Xbox 360 Light Right And RF Module Connected To Raspberry Pi

rpi-connected-to-xbox-lightring

If you want to mess around with your Xbox 360 controllers on a computer Microsoft would be happy to sell you a USB dongle to do so. But [Tino] went a different route. The board that drives the Xbox 360’s status light ring also includes the RF module that wirelessly connects the controllers. He wired this up to his Raspberry Pi using the GPIO header.

The module connects via an internal cable and is treated much like a USB device by the Xbox motherboard. The problem is that it won’t actually handle the 5V rail found on a USB connector; it wants 3.3V. But this is no problem for the RPi’s pin header. Once a few connections have been made the lights are controlled via SPI I2C and [Tino] posted some example code up on Github to work with the RF module. He plans to post a follow-up that interfaces the module with a simple microcontroller rather than an RPi board. If you can’t wait for that we’re sure you can figure out the details you need by digging through his example code.

22 thoughts on “Xbox 360 Light Right And RF Module Connected To Raspberry Pi

  1. After all these years I’m still tethered to my 360 by a light gray wire, so I don’t have this issue; been using my 360 controller with a PC for years. Of course, I don’t have the wonderful freedom that wireless gives you, so I’m still jealous. Nice hack.

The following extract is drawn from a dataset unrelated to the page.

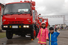 こちらは年々人気も上がっている消防車の体験搭乗。 普段は入れない滑走路を80km/h爆走する名物イベント。 |

        1. As much as I like this site, the inaccuracies in the writeups are really starting to take the piss now.

          Hacking is about DETAILS and this site can’t even get that right!

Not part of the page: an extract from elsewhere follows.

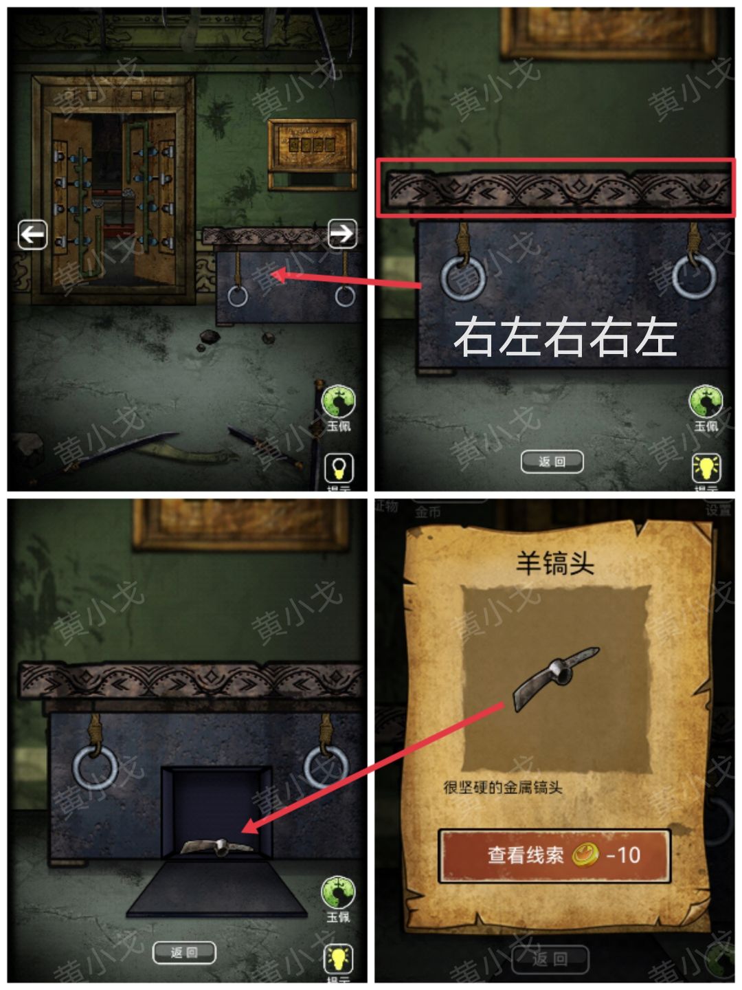 16.点击制作台上的圆环,根据制作台边缘上的箭头朝向,按顺序拉动圆环;打开暗格,获得【羊镐头】

    1. I thought they were talking about a lite-brite at first!

      As for USB @ 3.3v, it’s hardly surprising that it would be 5v tolerant given that it’s the most common thing. Not that I have a xbox360 nor that I looked at its design.

  2. >The problem is that it won’t actually handle the 5V rail found on a USB connector; it wants 3.3V.

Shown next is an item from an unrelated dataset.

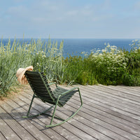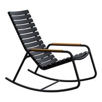 ReCLIPS Rocking chairs come in 4 mono colors with the choice of armrests in bamboo or aluminum. The aluminum frame combined with the UV protected plastic lamellas, keep the maintenance to a minimum.

    Wrong. I wired mine from my old 360 directly to a USB plug and it’s worked perfectly for seven months now.

    1. I know that the device wants 3.3 but does that explicitly mean it won’t like 5v?
      I’ve had plenty of devices that will *play nice* with voltages a little out of their range with no problems.

      I”ve also read that what we would expect to be using standardised power systems in the 360 sometimes does not (kinect). Perhaps something similar could be true of this part too?

  3. Hey there,

    “3V3 or 5V”:
    Well, i could’t find any prof that the module is 5V tolerant. i didn’t even tried it with 5V. So unless i’m 100% sure that every rev of this unit would run with 5V i can’t write it into my article. ;)

    “Someone did that before!”:
    Yes, and i give some credits and a bit thanks to the original author (dilu) on the bottom of my article :)

    “your english is eeewww!”:
    And you are fully right with that. i come from germany and i didn’t had any extended english course or something similar. it becomes better, but it is still terrible ^^. Sorry about that. i could only write in german because of that, but then it would be useless for people that don’t speak german (and i even provide a full german version of this article). I personally think that you can understand what i’m doing there. If you want to improve the spelling or my english skills in general than write me an email and describe the errors i’ve made so i can correct it. (t.goehlert[at]googlemail.com)

    “SPI??”
    Yeah, mistakes happen from time to time ^^. i don’t think you would find anybody in gotham city who would say “aaarrgh, i can’t use it because it uses I2C instead of SPI” :D

  4. The corporation-symptoms are already visible, based on the complaints I see more and more often now compared to before hed HaD purchase Lol.

    it will be interesting to see if the peoples voice has any effects, or
    if it will be ignore like it usually is.

  5. They showed a similar project around a year ago using an arduino uno and a voltage regulator. So I built my own using a $25 arduino fio and hooked to the arduinos built in 3.3v out. Its still working today.